> [Work to be completed]: Consider the listing below. Extract exactly the lines from the line containing "تزيّن دار الاوبرا" to the line containing "此方法通过监听 Activity 最外层布局控件来检测软键盘是否弹出,然后去手动调用控件的", both included.

> [Provided data]:

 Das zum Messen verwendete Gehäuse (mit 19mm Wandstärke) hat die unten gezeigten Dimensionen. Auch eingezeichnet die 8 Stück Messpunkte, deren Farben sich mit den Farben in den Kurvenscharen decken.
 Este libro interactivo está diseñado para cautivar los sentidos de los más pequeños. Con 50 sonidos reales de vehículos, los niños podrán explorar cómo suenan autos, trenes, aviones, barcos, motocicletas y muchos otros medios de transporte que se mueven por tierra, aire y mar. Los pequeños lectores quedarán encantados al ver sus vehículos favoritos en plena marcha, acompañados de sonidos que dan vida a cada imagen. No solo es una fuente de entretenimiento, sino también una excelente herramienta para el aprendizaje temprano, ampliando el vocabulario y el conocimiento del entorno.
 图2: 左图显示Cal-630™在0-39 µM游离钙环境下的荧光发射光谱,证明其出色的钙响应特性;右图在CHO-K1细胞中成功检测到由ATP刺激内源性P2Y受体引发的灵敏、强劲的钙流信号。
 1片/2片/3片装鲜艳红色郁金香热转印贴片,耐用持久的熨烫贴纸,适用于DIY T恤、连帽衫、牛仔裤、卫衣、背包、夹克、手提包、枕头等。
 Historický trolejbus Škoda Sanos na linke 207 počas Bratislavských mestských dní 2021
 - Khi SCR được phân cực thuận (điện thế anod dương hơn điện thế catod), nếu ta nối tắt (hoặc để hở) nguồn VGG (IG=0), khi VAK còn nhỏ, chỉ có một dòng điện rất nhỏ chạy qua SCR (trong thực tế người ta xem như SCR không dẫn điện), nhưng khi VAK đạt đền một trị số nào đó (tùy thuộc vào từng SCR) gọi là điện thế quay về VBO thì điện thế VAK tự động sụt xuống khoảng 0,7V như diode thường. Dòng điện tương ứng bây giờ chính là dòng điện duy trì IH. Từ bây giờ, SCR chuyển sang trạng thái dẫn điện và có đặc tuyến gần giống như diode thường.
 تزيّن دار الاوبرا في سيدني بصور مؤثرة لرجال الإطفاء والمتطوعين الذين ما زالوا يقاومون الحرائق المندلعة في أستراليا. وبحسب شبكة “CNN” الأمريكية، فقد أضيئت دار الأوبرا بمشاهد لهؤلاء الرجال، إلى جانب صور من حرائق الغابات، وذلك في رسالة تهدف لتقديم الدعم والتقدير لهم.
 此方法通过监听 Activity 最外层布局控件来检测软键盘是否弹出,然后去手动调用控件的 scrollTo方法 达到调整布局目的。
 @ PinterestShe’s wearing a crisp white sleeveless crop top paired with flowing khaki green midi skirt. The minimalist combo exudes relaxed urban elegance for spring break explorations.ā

* * *

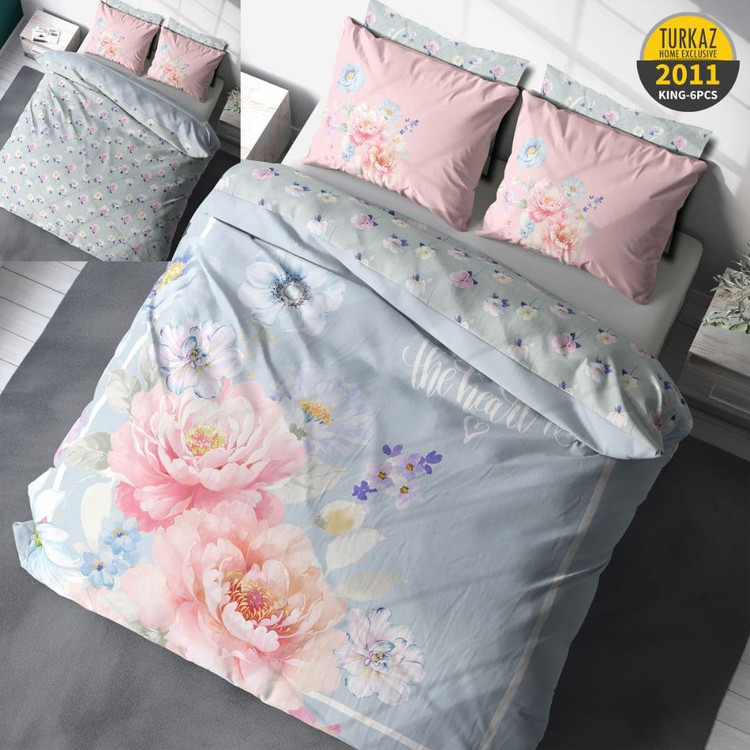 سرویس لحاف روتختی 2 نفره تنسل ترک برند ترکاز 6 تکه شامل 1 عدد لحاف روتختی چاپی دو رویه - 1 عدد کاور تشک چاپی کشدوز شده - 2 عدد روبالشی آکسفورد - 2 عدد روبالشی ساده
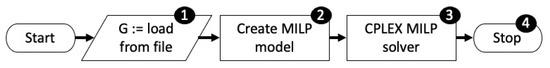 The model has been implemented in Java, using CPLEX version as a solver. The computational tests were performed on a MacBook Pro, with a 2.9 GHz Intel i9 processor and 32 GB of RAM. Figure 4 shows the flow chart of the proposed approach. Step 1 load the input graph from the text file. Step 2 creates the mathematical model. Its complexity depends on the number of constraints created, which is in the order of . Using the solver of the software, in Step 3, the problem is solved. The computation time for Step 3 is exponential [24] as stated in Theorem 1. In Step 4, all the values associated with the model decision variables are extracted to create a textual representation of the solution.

* * *

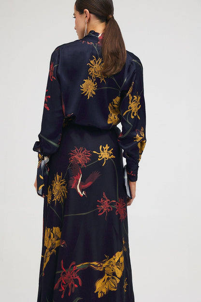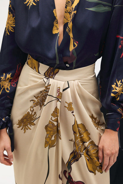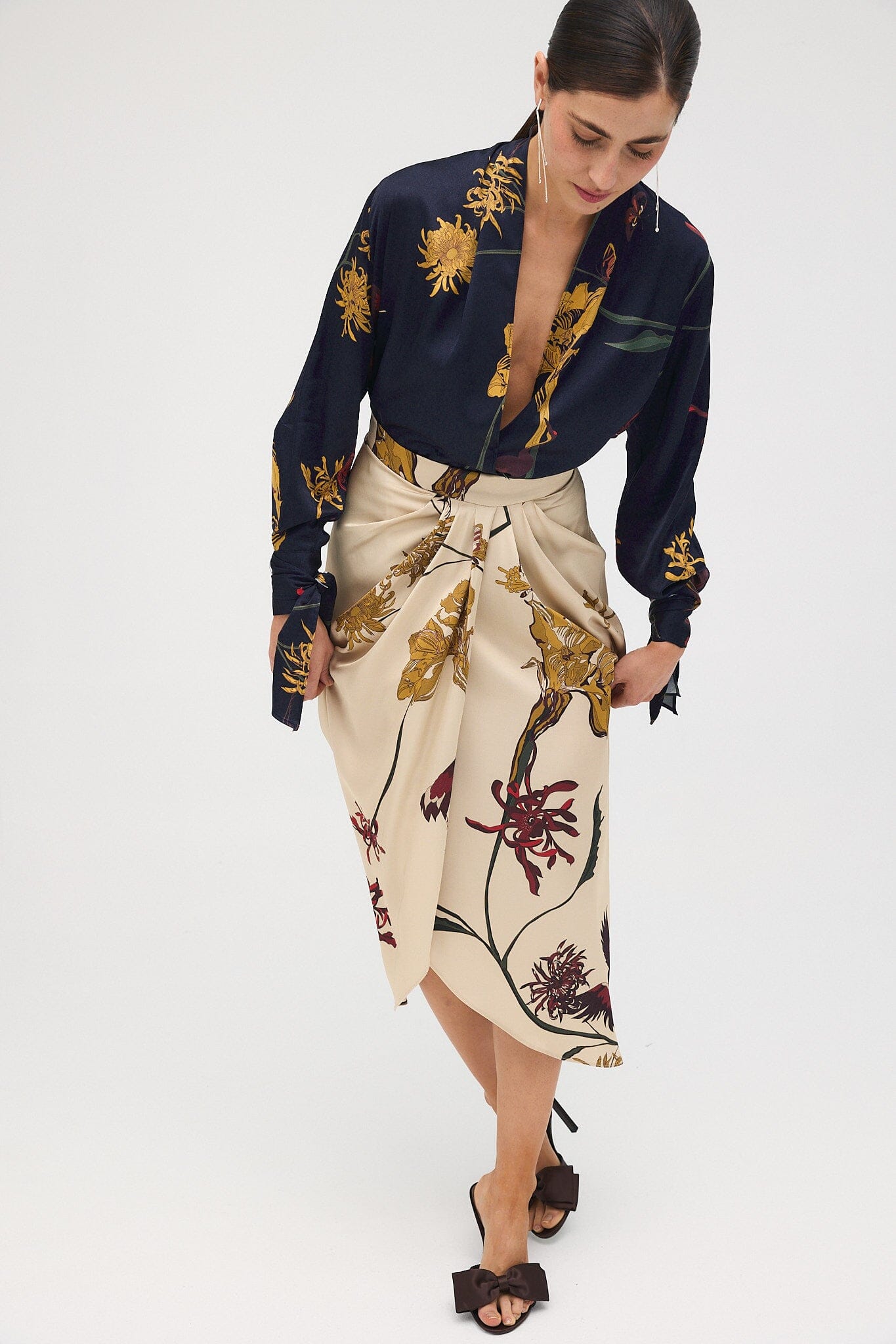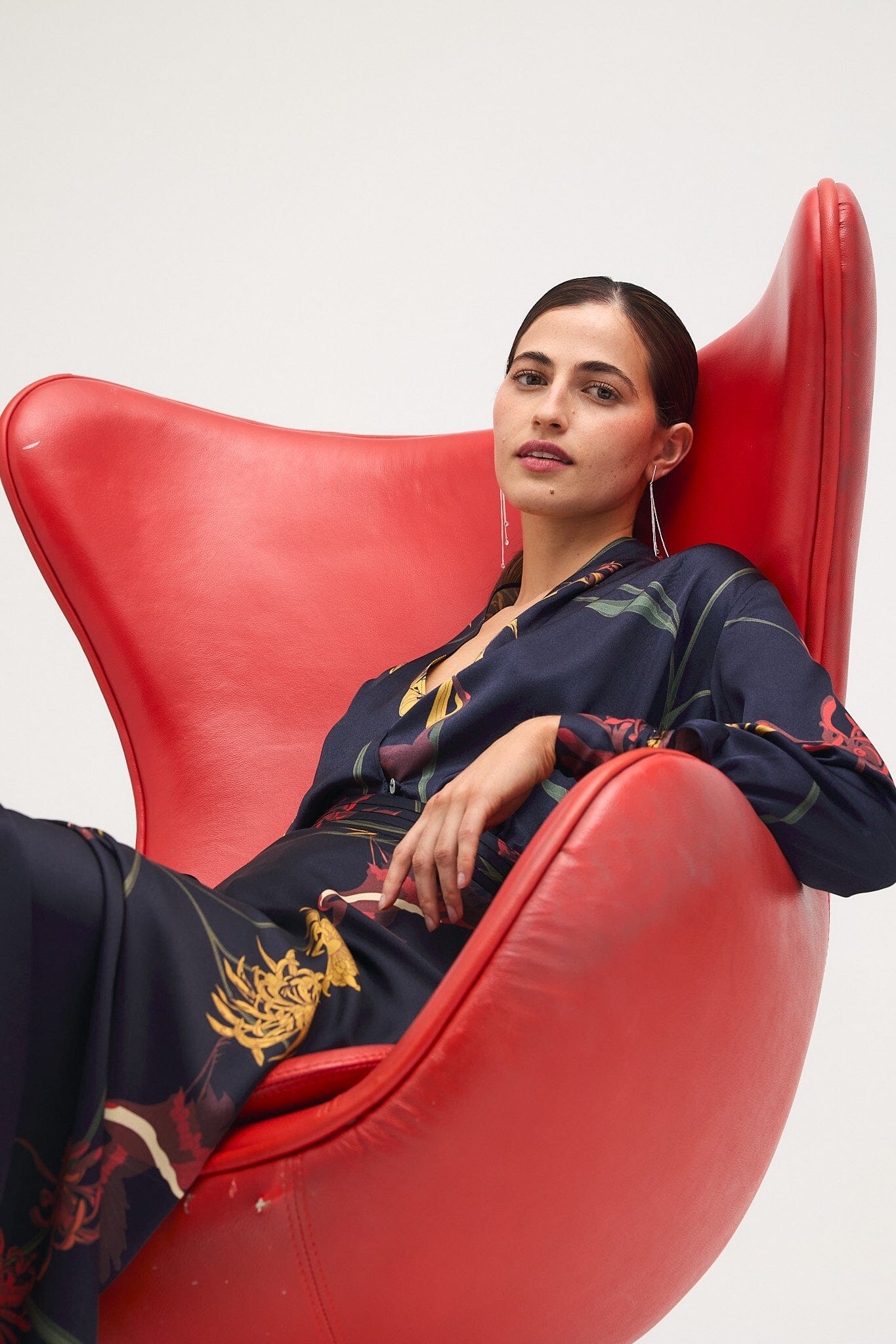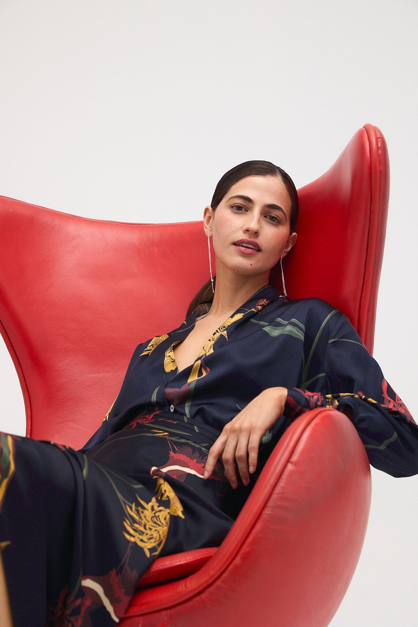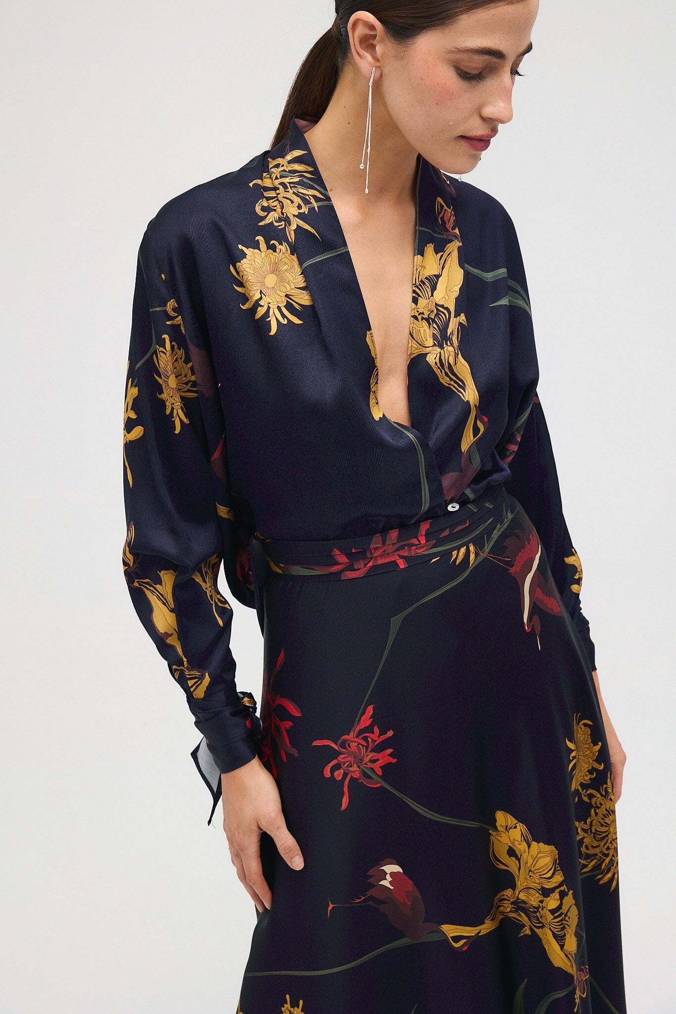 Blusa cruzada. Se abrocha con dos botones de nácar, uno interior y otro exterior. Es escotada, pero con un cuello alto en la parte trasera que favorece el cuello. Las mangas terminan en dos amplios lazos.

> [Result]:
 تزيّن دار الاوبرا في سيدني بصور مؤثرة لرجال الإطفاء والمتطوعين الذين ما زالوا يقاومون الحرائق المندلعة في أستراليا. وبحسب شبكة “CNN” الأمريكية، فقد أضيئت دار الأوبرا بمشاهد لهؤلاء الرجال، إلى جانب صور من حرائق الغابات، وذلك في رسالة تهدف لتقديم الدعم والتقدير لهم.
 此方法通过监听 Activity 最外层布局控件来检测软键盘是否弹出,然后去手动调用控件的 scrollTo方法 达到调整布局目的。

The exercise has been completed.